What is the difference between statistics.stdev() & numpy.std() and which is more precise?

677 views Asked by At

I used this dataset:

lst = [81922.00557103065, 82887.70053475935, 80413.01627033792,
       81708.86075949368, 82997.38219895288, 84641.50943396226,
       81929.82456140351, 82632.24181360201, 77667.98418972333,
       73726.47427854454, 86113.2075471698, 83232.98429319372,
       79866.66666666667, 83833.74689826302, 81943.06930693069,
       77898.64029666255, 77401.47783251232, 80607.59493670886,
       78384.5126835781, 82608.69565217392, 80824.8730964467,
       84163.70106761566, 74887.38738738738
       ]

Then statistics.stdev(lst) is 3096.28 and numpy.std(lst) is 3028.23. The difference is about 2.2%.

1

There are 1 answers

0
Matt Hall On BEST ANSWER

They are calculating two slightly different things.

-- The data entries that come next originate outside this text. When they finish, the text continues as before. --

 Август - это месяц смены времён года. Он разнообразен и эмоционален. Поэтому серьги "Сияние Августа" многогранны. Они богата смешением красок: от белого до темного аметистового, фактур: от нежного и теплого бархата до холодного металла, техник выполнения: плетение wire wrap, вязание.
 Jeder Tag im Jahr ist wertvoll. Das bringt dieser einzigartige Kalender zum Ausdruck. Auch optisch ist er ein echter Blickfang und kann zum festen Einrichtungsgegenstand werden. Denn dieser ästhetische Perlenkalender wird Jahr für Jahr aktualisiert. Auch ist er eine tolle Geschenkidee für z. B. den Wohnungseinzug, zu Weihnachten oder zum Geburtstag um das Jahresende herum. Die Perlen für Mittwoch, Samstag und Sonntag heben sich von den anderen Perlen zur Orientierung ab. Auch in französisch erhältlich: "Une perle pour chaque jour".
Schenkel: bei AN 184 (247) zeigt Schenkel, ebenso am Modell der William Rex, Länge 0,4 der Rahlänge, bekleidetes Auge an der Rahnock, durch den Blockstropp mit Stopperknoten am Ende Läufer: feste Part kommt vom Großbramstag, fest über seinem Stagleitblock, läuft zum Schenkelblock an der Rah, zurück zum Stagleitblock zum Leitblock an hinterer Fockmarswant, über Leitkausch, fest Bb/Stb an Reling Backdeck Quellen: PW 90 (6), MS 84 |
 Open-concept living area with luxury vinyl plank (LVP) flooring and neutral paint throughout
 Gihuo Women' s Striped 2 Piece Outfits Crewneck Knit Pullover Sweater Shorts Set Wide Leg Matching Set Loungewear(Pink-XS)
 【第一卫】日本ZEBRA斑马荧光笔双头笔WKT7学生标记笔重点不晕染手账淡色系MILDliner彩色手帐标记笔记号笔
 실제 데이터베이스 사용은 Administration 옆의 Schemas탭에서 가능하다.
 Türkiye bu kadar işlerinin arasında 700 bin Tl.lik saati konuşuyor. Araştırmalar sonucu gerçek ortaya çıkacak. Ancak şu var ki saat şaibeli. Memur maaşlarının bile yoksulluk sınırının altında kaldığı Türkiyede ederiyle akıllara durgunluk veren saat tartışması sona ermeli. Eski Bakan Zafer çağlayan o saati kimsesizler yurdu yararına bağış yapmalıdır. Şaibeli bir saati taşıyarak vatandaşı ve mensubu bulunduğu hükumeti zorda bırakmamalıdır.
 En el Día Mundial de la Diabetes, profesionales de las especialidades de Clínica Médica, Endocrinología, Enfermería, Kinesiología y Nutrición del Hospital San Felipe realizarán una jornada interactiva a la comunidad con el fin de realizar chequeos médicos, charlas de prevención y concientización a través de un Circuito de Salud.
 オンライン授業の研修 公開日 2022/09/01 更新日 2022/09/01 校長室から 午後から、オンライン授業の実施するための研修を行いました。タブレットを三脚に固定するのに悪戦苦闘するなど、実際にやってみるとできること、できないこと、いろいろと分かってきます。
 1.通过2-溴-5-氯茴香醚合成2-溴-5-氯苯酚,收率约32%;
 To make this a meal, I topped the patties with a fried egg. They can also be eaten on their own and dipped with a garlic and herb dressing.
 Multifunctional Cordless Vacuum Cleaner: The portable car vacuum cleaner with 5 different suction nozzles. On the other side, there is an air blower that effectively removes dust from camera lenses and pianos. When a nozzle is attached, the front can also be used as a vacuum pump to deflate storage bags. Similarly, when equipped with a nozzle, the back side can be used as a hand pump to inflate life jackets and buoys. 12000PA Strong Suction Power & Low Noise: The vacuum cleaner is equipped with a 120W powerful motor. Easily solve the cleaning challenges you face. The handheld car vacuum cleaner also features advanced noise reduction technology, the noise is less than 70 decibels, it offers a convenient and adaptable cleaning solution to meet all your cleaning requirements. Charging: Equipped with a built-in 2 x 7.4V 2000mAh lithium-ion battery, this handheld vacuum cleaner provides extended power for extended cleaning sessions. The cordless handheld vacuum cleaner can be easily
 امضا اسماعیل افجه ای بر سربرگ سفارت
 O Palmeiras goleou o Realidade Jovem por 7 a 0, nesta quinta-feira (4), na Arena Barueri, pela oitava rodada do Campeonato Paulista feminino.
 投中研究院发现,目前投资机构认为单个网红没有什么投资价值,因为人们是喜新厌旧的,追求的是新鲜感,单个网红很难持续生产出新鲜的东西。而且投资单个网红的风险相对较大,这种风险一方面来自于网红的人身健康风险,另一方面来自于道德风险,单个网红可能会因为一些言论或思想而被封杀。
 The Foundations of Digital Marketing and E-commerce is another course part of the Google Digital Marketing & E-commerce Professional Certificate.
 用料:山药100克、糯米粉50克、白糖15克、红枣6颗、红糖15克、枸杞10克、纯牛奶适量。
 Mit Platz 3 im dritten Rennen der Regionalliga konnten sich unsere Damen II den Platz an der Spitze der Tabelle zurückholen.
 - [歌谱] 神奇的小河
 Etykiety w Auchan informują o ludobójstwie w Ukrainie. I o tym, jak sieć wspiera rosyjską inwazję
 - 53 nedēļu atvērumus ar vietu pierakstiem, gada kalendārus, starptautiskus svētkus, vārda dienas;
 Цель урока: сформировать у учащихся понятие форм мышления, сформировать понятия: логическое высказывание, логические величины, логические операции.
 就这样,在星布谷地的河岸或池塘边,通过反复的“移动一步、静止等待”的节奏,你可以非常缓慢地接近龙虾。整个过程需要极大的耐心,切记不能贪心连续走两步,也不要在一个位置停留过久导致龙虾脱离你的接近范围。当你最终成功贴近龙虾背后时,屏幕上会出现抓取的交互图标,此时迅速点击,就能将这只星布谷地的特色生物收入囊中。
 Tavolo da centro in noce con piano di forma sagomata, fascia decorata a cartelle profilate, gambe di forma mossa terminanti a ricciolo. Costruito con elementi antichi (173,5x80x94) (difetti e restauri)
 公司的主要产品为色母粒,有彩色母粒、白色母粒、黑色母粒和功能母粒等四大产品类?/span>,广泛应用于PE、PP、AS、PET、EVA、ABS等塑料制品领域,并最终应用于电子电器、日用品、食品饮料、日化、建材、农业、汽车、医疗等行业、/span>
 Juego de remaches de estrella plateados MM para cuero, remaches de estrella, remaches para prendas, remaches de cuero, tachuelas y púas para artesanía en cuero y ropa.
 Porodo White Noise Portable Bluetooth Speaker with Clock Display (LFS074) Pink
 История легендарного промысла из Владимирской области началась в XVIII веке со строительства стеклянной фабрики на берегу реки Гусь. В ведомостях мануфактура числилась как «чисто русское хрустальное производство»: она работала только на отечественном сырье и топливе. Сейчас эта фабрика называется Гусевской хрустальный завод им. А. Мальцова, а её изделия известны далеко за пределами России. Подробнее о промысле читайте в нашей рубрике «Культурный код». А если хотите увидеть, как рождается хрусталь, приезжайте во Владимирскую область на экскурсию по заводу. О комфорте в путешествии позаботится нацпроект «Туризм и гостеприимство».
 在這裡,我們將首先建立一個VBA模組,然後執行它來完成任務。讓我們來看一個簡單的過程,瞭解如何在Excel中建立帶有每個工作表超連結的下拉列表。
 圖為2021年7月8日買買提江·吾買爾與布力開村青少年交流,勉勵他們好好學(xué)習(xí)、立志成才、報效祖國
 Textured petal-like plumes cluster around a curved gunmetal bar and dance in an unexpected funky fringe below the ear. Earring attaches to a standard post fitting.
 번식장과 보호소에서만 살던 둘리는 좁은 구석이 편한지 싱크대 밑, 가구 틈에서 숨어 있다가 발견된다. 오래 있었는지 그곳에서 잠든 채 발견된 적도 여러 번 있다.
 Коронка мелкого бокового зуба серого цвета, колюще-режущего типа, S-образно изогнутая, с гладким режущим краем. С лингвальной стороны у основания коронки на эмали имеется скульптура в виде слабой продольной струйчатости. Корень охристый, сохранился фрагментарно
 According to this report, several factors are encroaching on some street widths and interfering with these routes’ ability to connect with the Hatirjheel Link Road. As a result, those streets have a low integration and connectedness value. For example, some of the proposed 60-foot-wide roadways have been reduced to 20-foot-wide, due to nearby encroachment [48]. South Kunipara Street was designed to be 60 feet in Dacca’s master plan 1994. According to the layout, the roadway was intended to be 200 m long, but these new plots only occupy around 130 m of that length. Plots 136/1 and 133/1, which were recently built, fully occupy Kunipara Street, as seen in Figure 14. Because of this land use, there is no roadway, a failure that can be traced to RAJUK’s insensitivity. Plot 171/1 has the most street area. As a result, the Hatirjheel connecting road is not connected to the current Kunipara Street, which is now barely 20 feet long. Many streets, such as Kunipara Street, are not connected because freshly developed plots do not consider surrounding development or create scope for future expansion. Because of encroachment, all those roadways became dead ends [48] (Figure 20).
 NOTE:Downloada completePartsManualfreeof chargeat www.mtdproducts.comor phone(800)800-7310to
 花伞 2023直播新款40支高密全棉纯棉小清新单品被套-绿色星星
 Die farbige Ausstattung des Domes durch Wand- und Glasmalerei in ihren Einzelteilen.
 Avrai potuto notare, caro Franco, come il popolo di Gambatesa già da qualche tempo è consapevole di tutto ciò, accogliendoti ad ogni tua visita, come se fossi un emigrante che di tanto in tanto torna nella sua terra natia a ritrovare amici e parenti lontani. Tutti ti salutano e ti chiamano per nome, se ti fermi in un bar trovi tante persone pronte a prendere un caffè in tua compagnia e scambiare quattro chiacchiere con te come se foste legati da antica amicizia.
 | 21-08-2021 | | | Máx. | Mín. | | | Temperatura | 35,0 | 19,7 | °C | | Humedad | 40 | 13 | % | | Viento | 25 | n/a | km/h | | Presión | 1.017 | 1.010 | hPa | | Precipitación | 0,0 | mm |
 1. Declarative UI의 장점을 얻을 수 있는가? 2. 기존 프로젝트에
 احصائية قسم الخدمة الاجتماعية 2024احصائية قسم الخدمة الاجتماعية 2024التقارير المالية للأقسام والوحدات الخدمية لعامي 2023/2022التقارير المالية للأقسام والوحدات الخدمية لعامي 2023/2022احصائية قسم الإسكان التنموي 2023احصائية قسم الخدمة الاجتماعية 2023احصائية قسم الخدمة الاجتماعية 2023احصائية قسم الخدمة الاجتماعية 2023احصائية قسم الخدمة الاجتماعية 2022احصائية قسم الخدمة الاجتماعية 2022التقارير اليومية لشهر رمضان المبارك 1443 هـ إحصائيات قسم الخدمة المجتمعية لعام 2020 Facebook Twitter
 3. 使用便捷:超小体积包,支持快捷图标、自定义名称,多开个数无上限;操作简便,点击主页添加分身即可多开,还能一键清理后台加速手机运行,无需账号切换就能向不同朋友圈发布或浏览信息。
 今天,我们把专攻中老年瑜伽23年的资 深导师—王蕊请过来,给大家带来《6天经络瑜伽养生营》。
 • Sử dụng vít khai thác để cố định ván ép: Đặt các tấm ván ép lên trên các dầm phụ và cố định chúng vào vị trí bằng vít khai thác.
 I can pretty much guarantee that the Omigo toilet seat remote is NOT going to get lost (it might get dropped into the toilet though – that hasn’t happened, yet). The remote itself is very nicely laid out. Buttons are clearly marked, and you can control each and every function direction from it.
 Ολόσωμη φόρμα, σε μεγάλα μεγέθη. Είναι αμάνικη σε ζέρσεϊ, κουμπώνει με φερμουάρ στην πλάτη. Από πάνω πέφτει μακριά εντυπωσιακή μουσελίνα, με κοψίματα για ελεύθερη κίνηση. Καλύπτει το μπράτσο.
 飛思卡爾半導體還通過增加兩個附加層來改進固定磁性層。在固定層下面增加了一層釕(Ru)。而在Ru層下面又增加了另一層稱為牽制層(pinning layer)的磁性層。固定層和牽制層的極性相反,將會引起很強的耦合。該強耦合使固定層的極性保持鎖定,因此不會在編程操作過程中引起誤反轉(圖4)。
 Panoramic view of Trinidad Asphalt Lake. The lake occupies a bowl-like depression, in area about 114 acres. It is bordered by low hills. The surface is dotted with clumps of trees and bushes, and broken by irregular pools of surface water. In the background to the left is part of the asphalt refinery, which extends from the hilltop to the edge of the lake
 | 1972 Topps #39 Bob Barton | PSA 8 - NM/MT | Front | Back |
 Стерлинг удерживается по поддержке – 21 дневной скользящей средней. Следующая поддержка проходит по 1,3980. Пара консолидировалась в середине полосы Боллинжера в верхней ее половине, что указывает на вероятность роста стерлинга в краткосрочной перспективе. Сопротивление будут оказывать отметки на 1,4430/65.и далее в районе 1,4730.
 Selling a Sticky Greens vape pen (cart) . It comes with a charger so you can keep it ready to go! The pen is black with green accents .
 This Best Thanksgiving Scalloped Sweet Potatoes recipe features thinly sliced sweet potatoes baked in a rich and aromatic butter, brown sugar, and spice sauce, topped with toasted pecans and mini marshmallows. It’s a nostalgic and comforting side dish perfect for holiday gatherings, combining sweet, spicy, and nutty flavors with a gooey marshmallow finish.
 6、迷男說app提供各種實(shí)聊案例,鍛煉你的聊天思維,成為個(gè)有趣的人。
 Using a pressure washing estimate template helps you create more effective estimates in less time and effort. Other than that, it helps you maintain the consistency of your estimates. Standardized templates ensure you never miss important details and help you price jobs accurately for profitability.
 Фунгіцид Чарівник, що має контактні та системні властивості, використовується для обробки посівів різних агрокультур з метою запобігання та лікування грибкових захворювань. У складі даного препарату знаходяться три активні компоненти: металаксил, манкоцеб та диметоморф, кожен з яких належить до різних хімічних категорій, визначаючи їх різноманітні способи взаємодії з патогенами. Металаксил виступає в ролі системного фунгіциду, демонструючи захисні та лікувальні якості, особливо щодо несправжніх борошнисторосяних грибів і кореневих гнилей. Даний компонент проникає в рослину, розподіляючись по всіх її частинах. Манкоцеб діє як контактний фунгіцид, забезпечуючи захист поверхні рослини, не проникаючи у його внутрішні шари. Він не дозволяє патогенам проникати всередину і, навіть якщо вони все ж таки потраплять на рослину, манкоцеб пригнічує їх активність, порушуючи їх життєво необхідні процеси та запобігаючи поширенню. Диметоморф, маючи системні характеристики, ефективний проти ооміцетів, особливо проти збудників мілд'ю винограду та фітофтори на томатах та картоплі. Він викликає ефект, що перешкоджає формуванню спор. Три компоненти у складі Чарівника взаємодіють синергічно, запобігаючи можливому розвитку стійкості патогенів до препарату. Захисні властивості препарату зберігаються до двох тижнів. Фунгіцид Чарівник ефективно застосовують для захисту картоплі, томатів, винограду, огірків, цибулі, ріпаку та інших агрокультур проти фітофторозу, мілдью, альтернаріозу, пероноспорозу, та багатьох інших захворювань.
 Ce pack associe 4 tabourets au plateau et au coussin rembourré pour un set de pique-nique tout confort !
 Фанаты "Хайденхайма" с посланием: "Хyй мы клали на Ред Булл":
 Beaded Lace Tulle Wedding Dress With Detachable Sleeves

The standard deviation is the square root of the variance. NumPy is using the sample variance, whereas statistics is adjusting this with Bessel's correction. This uses N – 1 instead of N in the calculation of the variance:

arr = np.array(lst)
var_ordinary = np.sum(abs(arr - arr.mean())**2) / arr.size
var_bessel = np.sum(np.abs(arr - arr.mean())**2) / (arr.size - 1)

From the statistics docs:

This is the sample variance s² with Bessel’s correction, also known as variance with N-1 degrees of freedom. Provided that the data points are representative (e.g. independent and identically distributed), the result should be an unbiased estimate of the true population variance.